As we close up this challenging year, we are taking stock of all that has happened in 2020.
The COVID-19 pandemic has affected us all, and it has especially affected children. An estimated 463 million children – one third of the world’s school children – are unable to access remote learning during the pandemic. We know that this disproportionately affects children in poverty, and disproportionately affects girls, resulting in greater risk of physical and sexual violence, child marriage, child labor and trafficking. Some studies indicate a rise in the number of calls made to police and service hotlines, whereas other studies show no change or a decrease in call volume, raising the alarm of underreporting, especially by children, as victims are less able to report violence and mandatory reporters (such as teachers) are less likely to spot it.
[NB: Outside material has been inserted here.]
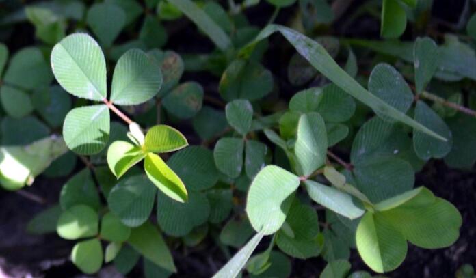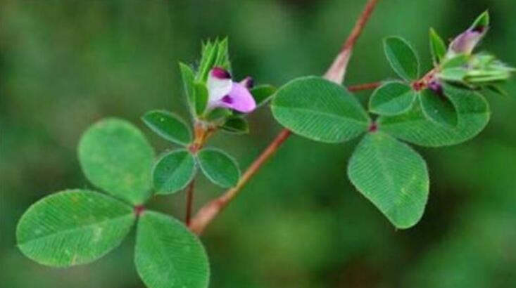 【植物形态】一年生草本植物。高10~30厘米。茎基部常铺地分枝略呈匍匐状,茎枝上有白色向下的柔毛。三出复叶互生,小叶长椭圆形或倒卵形,长0.5~1.5厘米,宽0.3~0.7厘米,先端有小尖头,主脉和叶缘有疏毛,托叶长卵形,宿存。花1~2朵腋生,淡红色,萼钟状,5深裂,花冠蝶形,雄蕊10,2体。荚果卵圆形,包于宿萼内,熟时褐色,外被细短毛。花期8~9月,果期9~10月。

While many studies have focused on whether or not violence has increased during the pandemic (with many indicating yes, there has been an increase, according to a recent review), there is little research that has looked at ‘what works’ to prevent violence during COVID-19. This should serve as a reminder: violence is preventable, and there is a need for greater research on what works to prevent violence against children.
As we roll into the New Year, we are setting our sights on prevention and are working with our partners to continue pursuing research and dissemination on what works to reducing VAC. In particular, we are placing a special focus on research uptake – the process of moving from evidence generation to utilization. We’ll be sharing our insights from this capacity strengthening process in the coming months. Until then, stay up-to-date with the Fund’s activities by joining our newsletter.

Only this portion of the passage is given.